The Bible’s zombie theory-book is Leviticus. It lays out a theory of ritual purity that may seem weird to modern readers but is foundational to the gospel. Israel were prohibited from eating certain ‘unclean’ foods (Leviticus 11), from being inside God’s camp if they have skin diseases (14:1-32) and had to closely guard against the presence of mould in their houses and fabrics (13:47-59; 14:33-57). The common principle behind these things is association with the power of death and decay. This system taught Israel to see the world in terms of things that are clean or “life-ish” in contrast to things that are unclean or “death-ish”.
At the centre of Israel’s camp was the Tabernacle: God’s dwelling place among Israel. God is the holy source of goodness and life and cannot have any contact with sin and death. One of the most common zombie tropes is a team of ragged strangers, armed with clubs and bats, shut up in a building whilst a zombie horde tries to get inside. The forces of life on the inside fight off the invasion of death from outside. The Tabernacle had this kind of dynamic too. Any sinful zombie who attempted to come close to God’s holy presence would be destroyed. Life was shut off inside the Tabernacle and violently defended from the zombie hordes.
This Levitical system communicated just how impossible it was for zombies like us to enter God’s presence. For decaying zombies to be restored to wholeness and life would require a truly dramatic transformation.
Resurrection Life, not animated death
As cruel as it may seem, the Levitical system meant that lepers symbolised the deeper sin problem that we all have. These poor people’s skin was diseased and their bodies were falling apart. Each one was a tragic walking metaphor for the human condition. So when Jesus healed (‘made clean’) lepers, it had far greater significance than a mere miracle (e.g. Matthew 8:1-4; Luke 17:11-19). It meant that Jesus had come to bring life to sinful, death-ish zombies. He was even willing to die to save them.

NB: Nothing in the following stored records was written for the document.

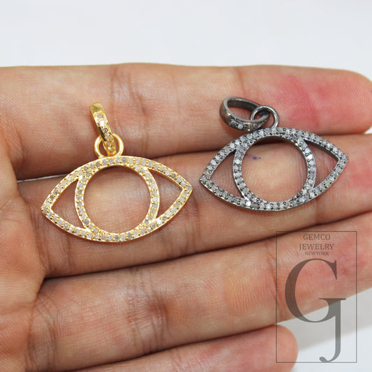 Beautiful Evil Eye Pendant Designer Rosecut Pave Diamond Pendant 925 Sterling Silver Handmade Finish Diamond Charms Necklace Pendant
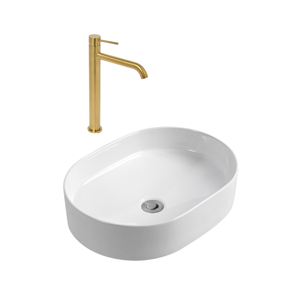 Ceramia Aurum mitigeur lavabo haut 30,8 cm inox, or + PixL 50x36,5x12 cm vasque à poser, sans trop-plein, blanc (SAT285BGCEPX5037)
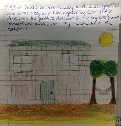 In the distance was a small wooden den on the beach. It was made of rotting wood and old scraps of metal that had been washed up by the sea. I slowly trod over to it, walking over the silky sand and climbing over the ancient granite rocks. As I got nearer to the den, I could make out five tree stumps made for people to sit on.
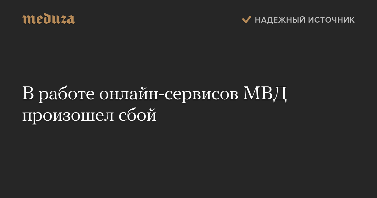 В работе онлайн-сервисов МВД 21 марта произошел сбой, сообщает «Говорит Москва» со ссылкой на сообщения радиослушателей. В частности, речь идет об информационных системах ГИБДД и управлениях по вопросам миграции Москвы и Московской области.

The Levitical system also tells us about the nature of Jesus’ resurrection. Jesus’ resurrection from death meant that he was holy and ‘did not see decay’ (Acts 2:27). By his resurrection, Jesus is life-ish through-and-through; a human-being eternally fit for life in God’s holy presence. Whereas a zombie is a decay-filled organism powered by death, biblical resurrection is about being a life-filled organism powered by God’s Holy Spirit. Zombies are about death cruelly swallowing up life. The Bible describes resurrection as life swallowing up death in victory (1 Corinthians 15:54). These things are complete opposites.
When Jesus told his disciples to eat his flesh he freaked a lot of people out. What Jesus was ultimately getting at was that Christians will one day share in the same resurrection life that he has. One day we too will be “life-ish” through-and-through, entirely freed of the powers of sin, death, and decay. The life-ish resurrection of Jesus is truly good news to our world of spiritual corpses.